All this has eroded Bush’s standing as front-runner for the 1988 Republican nomination. Bush’s decline has been less dramatic than Hart’s because Bush enjoys a stronger base--the support of Reagan loyalists. Hart had no real base in the Democratic Party. Hart was not an advocacy politician. He had no hard core of supporters who felt that he spoke for them. So when he got into trouble, his support collapsed in a free fall. The Democrats now have no front-runner, while the Republicans have a wounded front-runner. Iran- contra hearings and the Hart scandal had a similar effect. They leveled the playing field in both parties. Both nominations are wide open.
The Democrats have the bigger problem. Not a single politician of stature is running for the Democratic nomination. Only Jesse Jackson has a national reputation, and his is mixed. There is no man to beat. And with no front-runner, the meaning of a primary victory will change.
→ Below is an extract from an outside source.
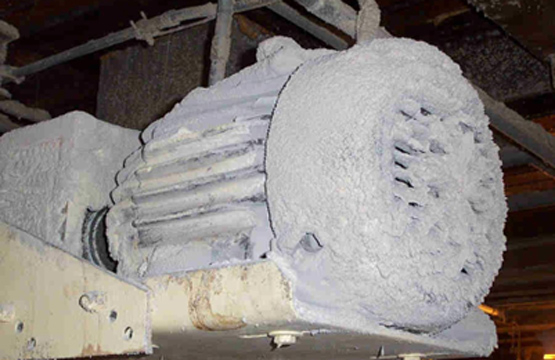 The capacitor is formed by the motor’s current-carrying conductors (usually copper) as one of the plates of the capacitor, and the motor core as the other plate. The insulation around the conductors acts as the dielectric for this capacitor. Adding contamination to the surface of the insulation changes the dielectric which increases the capacitance to ground value. The increase of contamination, essentially blanketing the insulation, will increase the winding temperature. The increase in winding temperature can cause the insulation to become embrittled. Embrittled insulation can crack and allow moisture or other contaminants into the windings, resulting in lower ground resistance.

Another effect of Hart’s withdrawal is to free up a considerable pool of contributors and activists. It may also encourage new candidates to enter the race, or reconsider their decision not to run. Conservative Democrats with money and influence will beg Georgia Sen. Sam Nunn and former Virginia Gov. Charles S. Robb to reconsider. Liberals will approach New York Gov. Mario M. Cuomo and Arkansas Sen. Dale Bumpers. Moderates will be seen meeting with Arkansas Gov. Bill Clinton and New Jersey Sen. Bill Bradley.
They may not be interested. Candidates for President these days must sacrifice not only privacy, but dignity. They have to spend their time suffering fools gladly. We have reached the point where politicians like Cuomo and Nunn diminish their stature by running for President.
The press will now be emboldened to look into the private life of all candidates. Every newspaper aspires to uncover a mini-Watergate and bring down a front-runner. While the public does not approve of the Miami Herald’s tactics, they are split, according to the polls, on whether coverage of a candidate’s private life is “fair game.” This country has a limited supply of saints interested in running for public office. As Hart said, press scrutiny “is clearly one of the reasons many talented people in the nation opt out of public service.” That is good news if it discourages people with something to hide from running for President. It is bad news if, as it now appears, some of our ablest leaders have decided that it just isn’t worth the torment.